Katala is a word from the widely spoken Luganda local language, that means ‘someone who is unsophisticated or a socially awkward person, usually from the village’.

First of all, I'm not Bosco.

In his address to the nation on Sunday, which covered several issues including the fight against corruption, the recent political events in Arua, allegations of torture among others, local media reported that Museveni started by giving a disclaimer.

‘‘First of all, I’m not Bosco (Katala),’‘ Museveni said, which left journalists at the news conference and Ugandans on social media amused.

Who is Bosco?

The origin of the name Bosco stems from a commercial that was released by the biggest telecommunications company in Uganda, MTN, promoting the use of cashless transactions using mobile money.

The advert ‘tells the story of Bosco’, an middle-aged Ugandan man who comes to the city, and goes shopping at a supermarket in a fancy shopping mall, where he is shown how to pay using mobile money.

Bosco rides his bicycle through metal detectors, escalators and supermarket aisles.

The gentleman in the advert, who has since become a sensation in Uganda, is 35 year old Kasirye Siraje.
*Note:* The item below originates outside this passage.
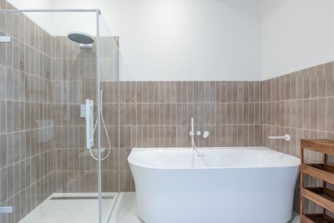 - A vizes helyiségek járólappal, a további helyiségek parkettával burkoltak.

He is popular on the streets, in Ugandan banks, television studios and even has his own Twitter account.

Why do Ugandans insist on calling Museveni, ‘Bosco’
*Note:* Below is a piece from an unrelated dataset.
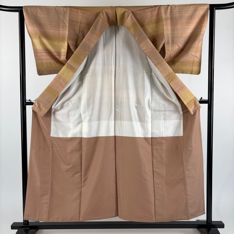 【紬】 茶系 薄茶色 秀品 B 約150cm~約159cm 裄丈63cm-64cm (S)size 袖丈49cm 4000-7980 二万以下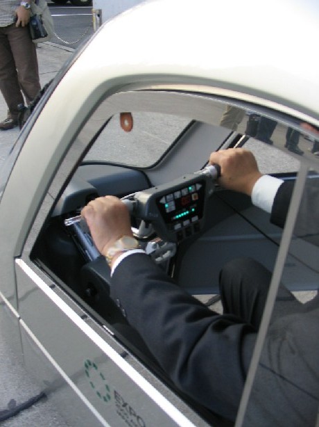 乗り込むと、かなり狭いです。周りを囲まれているので圧迫感があります。ハンドルの根元にはパネルがあって、速度などの表示が出るようになっています。まずクルマと同じように鍵をまわしてスイッチを入れなければなりません。小さなレバーがあって、片方は走行モード、片方は充電モードです。充電モードは、止まったままひたすら漕いで、充電させるのだそうです。

Following the release of the advert about three weeks ago, Ugandans immediately likened Bosco to president Museveni.

Why?

As part of his poverty alleviation campaigns around the country, Museveni has used a bicycle to fetch water and used bottles to irrigate crops in a bid to demonstrate to Uganda’s smallholder farmers that they can use resources available to them to profit from farming.

He has also handed sacks of money to youth groups as a way to support entrepreneurship and to stop unemployment.

Satirised clips of the president were shared online showing the president fetching water for irrigation using his bicycle, and carrying sacks of money, all played out against the music bed of Bosco’s story.

The country’s telecommunications regulator recently refuted allegations that it had banned the broadcast of the Bosco advert after some DJs said they were harassed by police for playing it.